Another destructive element in the proposal is the elimination of the service test. CRA examiners would no longer expect mid-size banks to maintain and/or build bank branches in low and moderate income communities. Mid-size banks would no longer have an incentive to make sustained efforts to provide affordable banking services, and checking and savings accounts to consumers with modest incomes. Nor would mid-size banks be as inclined to respond to the needs for the growing demand for services needed by immigrants such as low cost remittances overseas.

While our organization works mostly on housing issues, housing does not exist in a vacuum. We recognize that healthy neighborhoods depend on healthy businesses. Therefore, we are troubled by the elimination of the requirement to report small business lending data. Lenders would no longer be required to report small business lending by census tract, or report the revenue size of the small business borrowers. Without data on lending to small businesses, it is impossible for the public at large to hold the mid-size banks accountable for responding to the credit needs of minority-owned, women-owned, and other small businesses. Data disclosure has been responsible for increasing access to credit precisely because disclosure holds banks accountable.

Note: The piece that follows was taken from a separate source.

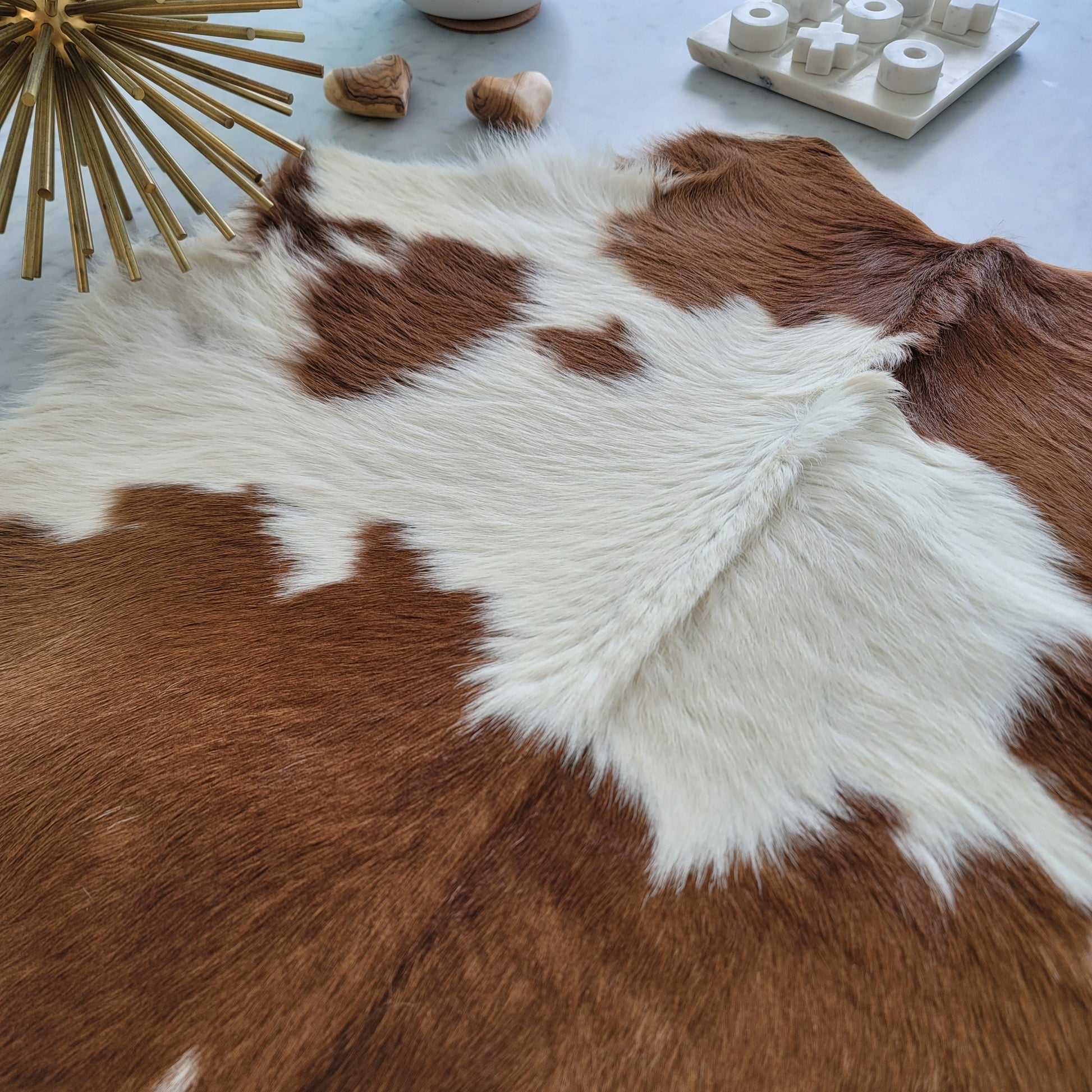 Instantly cozy up your space with our premium Brown and White Calf Hide, expertly tanned to offer unparalleled quality, softness, and sheen. Each Calf Hide is meticulously selected and trimmed by our skilled artisans in our tanneries, transforming it into the ideal accent rug.

The FDIC's proposal would decrease access to credit for small businesses, which is directly contrary to CRA's goals.

Lastly, to make matters worse, it is proposed that community development activities in rural areas could benefit any group of individuals instead of only low and moderate income individuals. Since banks will be able to focus on affluent residents of rural areas, the proposal threatens to divert community development activities away from the low and moderate income communities and consumers that CRA targets.

In summary, the FDIC's proposal is directly the opposite of CRA's statutory mandate of imposing a continuing and affirmative obligation to meet community needs. The proposal would dramatically reduce community development lending, investing, and services. The damage in both urban and rural areas would be compounded, harming those least able to afford reductions in credit and capital.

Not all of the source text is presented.